Commodity Super Cycle Good and Bad News

Commodities / Commodities Trading Mar 23, 2013 - 01:04 PM GMT

By: Richard_Mills

Commodities

Commodity super-cycles are defined as decades long price movements in a wide range of commodities. Super-cycles differ from shorter term fluctuations in three ways:

  • Super-cycles are demand driven because they follow world GDP
  • Super-cycles span a much longer period of time with upswings of 10-35 years, taking 20-70 years to generate complete cycles
  • Super-cycles are observed over a broad range of commodities. These commodities are mostly inputs for industrial production and for the urban development of an emerging economy

According to DESA Working Paper No. 110 'Super-cycles of commodity prices since the mid-nineteenth century' published February 2012 by Bilge Erten and José Antonio Ocampo there have been 3.5 non-fuel commodity super-cycles from 1894 to 2009:

(1) from 1894 to 1932, peaking in 1917. The first long cycle begins in the late 1890s, peaks around World War I, and ends in the early 1930s, the cycle shows strong upward and downward phases.

(2) from 1932 to 1971, peaking in 1951. The second cycle takes off in the 1930s, peaks during the post-war reconstruction of Europe but doesn't fade away till the mid 1960s. This cycle shows a strong upward phase but a weak downward one.

(3) from 1971 to 1999. The early 1970s marks the beginning of the third cycle which turns downward during the mid 1970s and ends in the late 1990s. This cycle shows a weak upward phase and a strong downward one.

(3) 2001 still ongoing. The post-2000 episode is the beginning of the latest cycle. This super-cycle shows a continuing strong upward phase.

The most recent boom (from 2001) in global economic growth or GDP, is unprecedented.

"Global growth performance has been attributed as the single most important driver of commodity markets, being most pronounced for metals.
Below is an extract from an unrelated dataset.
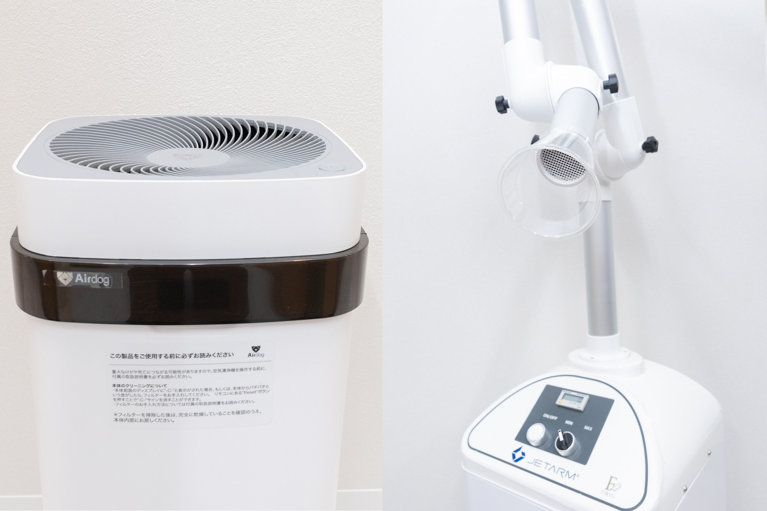 当クリニックでは、すべての患者さまに安心して治療を受けていただけるよう、衛生管理と感染対策を徹底しています。治療中に飛ぶ削りカスや血液、唾液を飛散しないよう「口腔外バキューム」で吸引し、受付や廊下にはエアドッグや高品質な空気清浄機を完備し換気、消毒を行っています。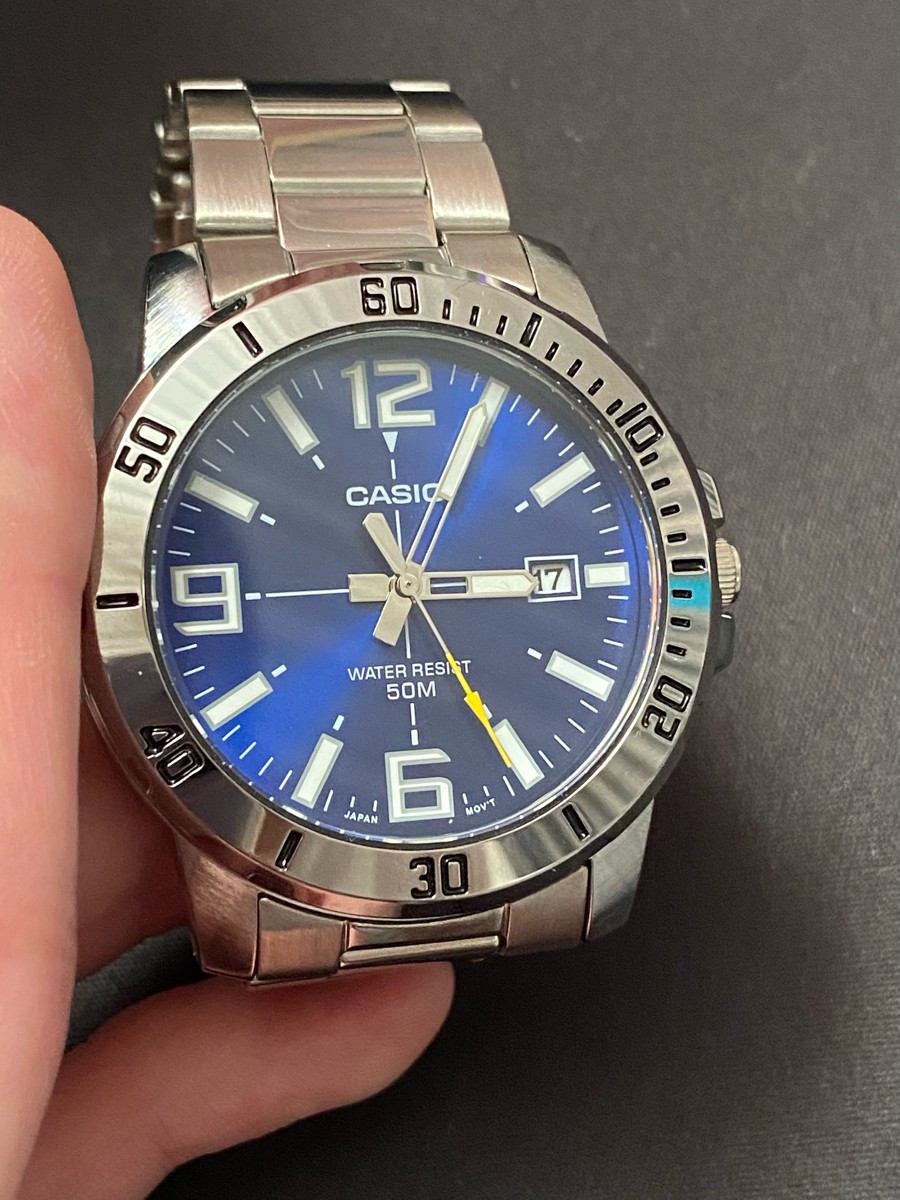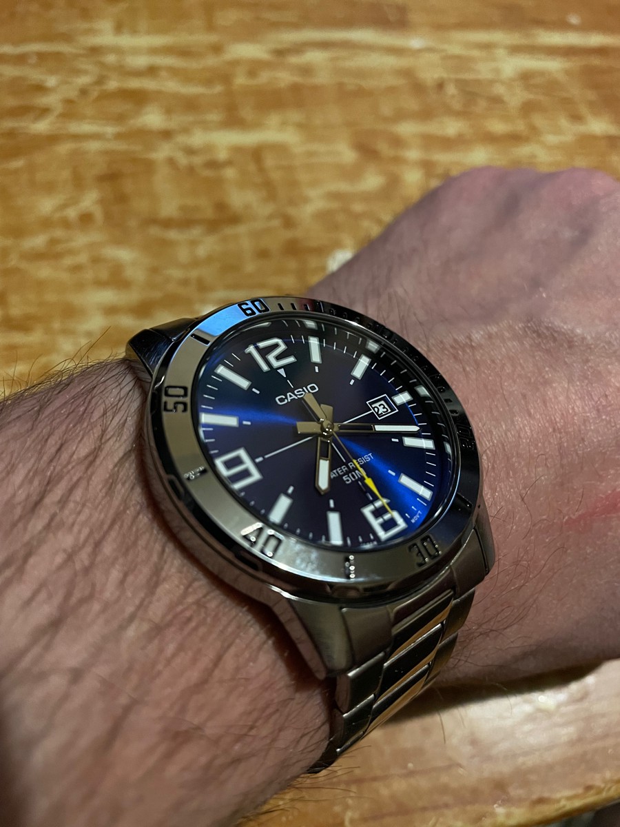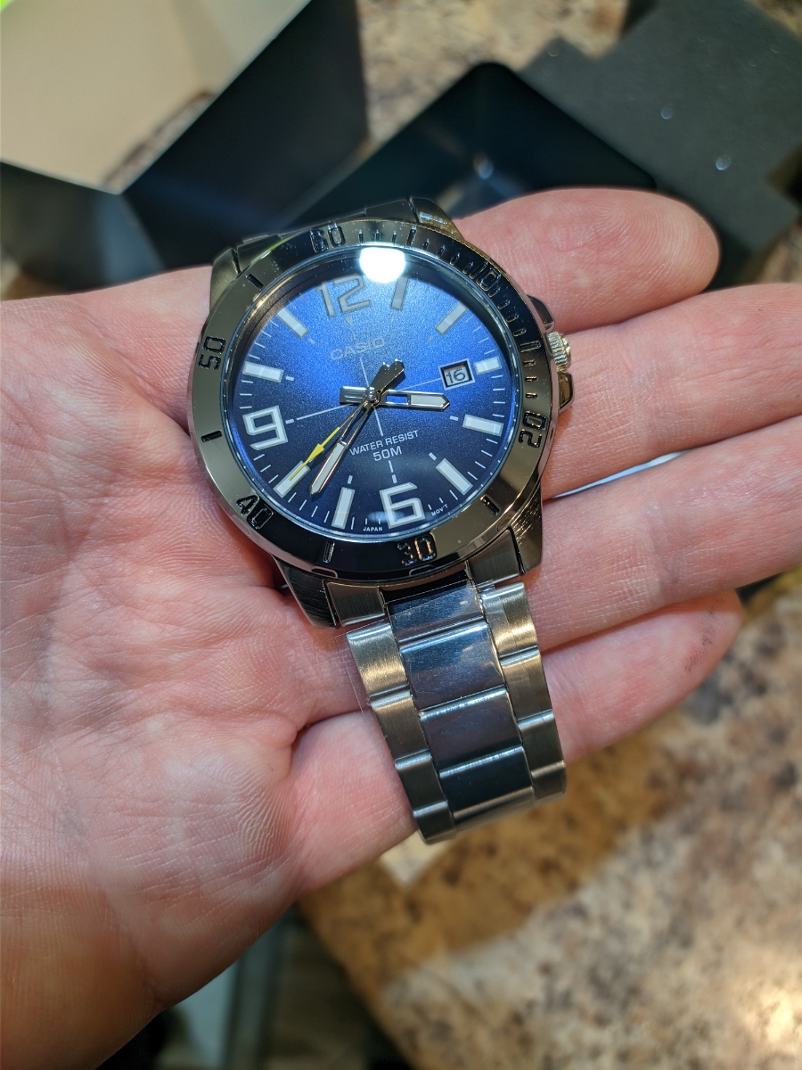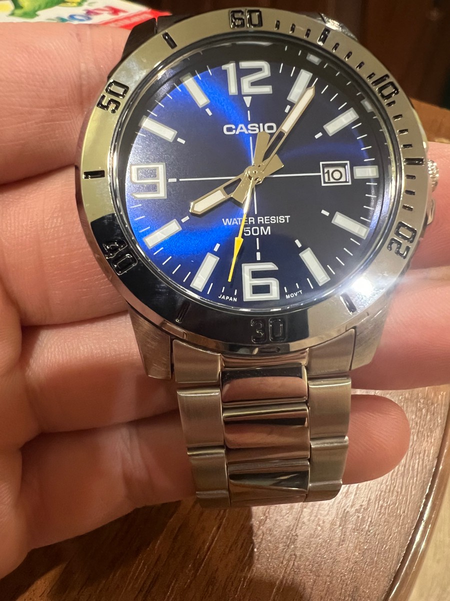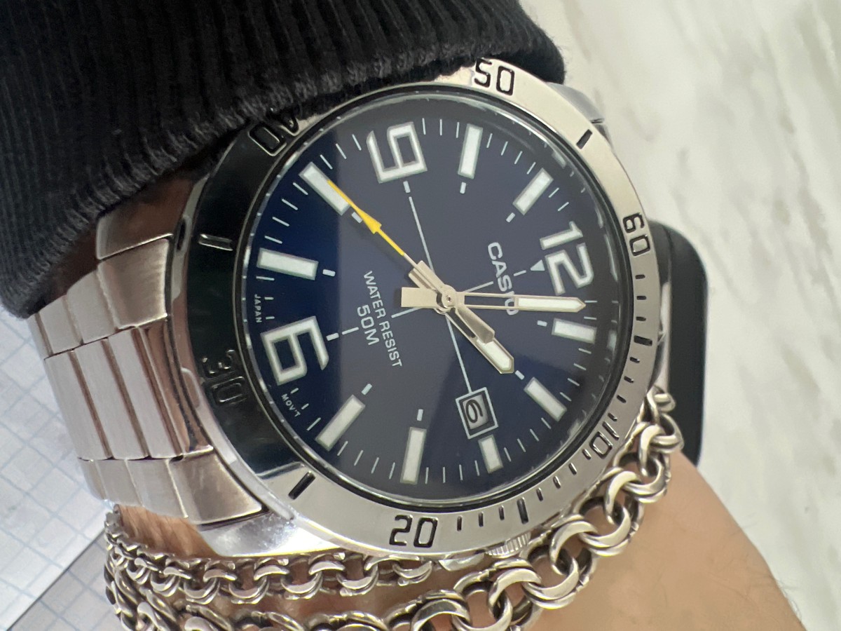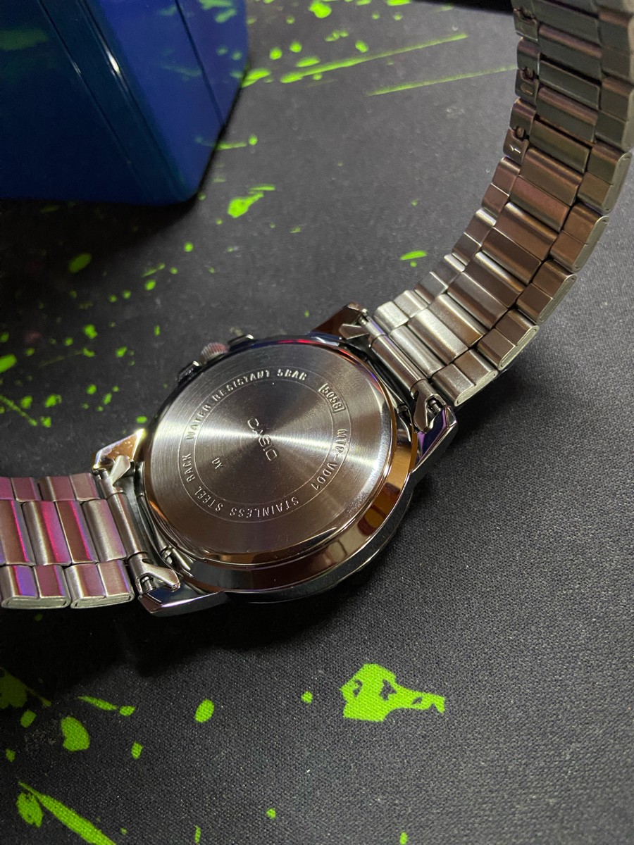 К часам марки Casio претензий никогда не было, покупаю не первый раз. Все самое необходимое в этих часах есть, корпус и браслет из нержавеющей стали, минеральное стекло, дата, водонепроницаемость 50м, батарейка служит долго и внешний вид нравится, уже подогнал по руке. Доставили в срок, упаковали в пупырку, цена отличная.

The basic premise is that commodity prices and world GDP have a long-term relationship over time because the robust growth episodes in the world economy are accompanied by a rapid pace of industrialization and urbanization, which in turn require an increasing supply of primary commodities as inputs of production. However, there is often a lag between the investment in further commodity production and the actual results, which leads to price hikes in periods of strong world economic growth. As growth slows down and investment generates with a lag an increase in commodity supplies, the pressure on commodity prices eases. This hypothesis implies that the super-cycles in world output fluctuations generate corresponding super-cycles in real commodity prices." ~ DESA Working Paper No. 110

The real prices of energy and metals more than doubled from the lows of 1999

and late 2001/2002 to the high in 2008.

After suffering a severe correction in late 2008 (because of the global economic slowdown) and bottoming in early 2009 commodity prices started to recover - from the low in early 2009 commodity prices have been putting in higher highs and higher lows.

By comparing the charts above it's obvious metals and agricultural have a long running integrated relationship with global GDP.

The phases and durations of previous super-cycles lead us to expect an upswing phase of between ten and thirty years. Being that we're twelve years into this super-cycle is there more to come, or has supply caught up to a cooling global economy?

First let's recap, commodity prices are dependent on:

  • Demand side factors - the rapid pace of industrial development and urbanization in China, India, and other emerging economies
  • Supply side factors - resource depletion, resource nationalization, geo-political risk, lack of investment

To help us answer whether or not commodity price strength will continue we first turn to global growth predictions:

Conference Board

No one it seems is predicting a global no growth scenario. In fact, the prediction seems to be a call for average future global GDP to be at four percent with developing countries clocking in at a six percent average.

That's a lot of continuing forward demand for commodities. Global demand seems to be well supported, economic growth in emerging economies will continue because of:

  • Industrialization
  • Urbanization
  • Population growth
  • Higher reserve price

"There is also the issue of the so-called reserve price (the highest price a buyer is willing to pay for a good or service). The reserve price places a cap on how high commodity prices will go, as it is the price at which demand destruction occurs (consumers are no longer willing or able to purchase the good or service).

For many commodities, such as oil, the reserve price is higher in emerging countries than in developed economies. One explanation for the difference is accelerating wage growth across developing regions, which is raising commodity demand, whereas stagnating wages in developed markets are causing the reserve price to decline. By implication, if nothing else, global energy, food , and mineral prices will continue to be buoyed by seemingly insatiable emerging-market demand, which commands much higher reserve prices.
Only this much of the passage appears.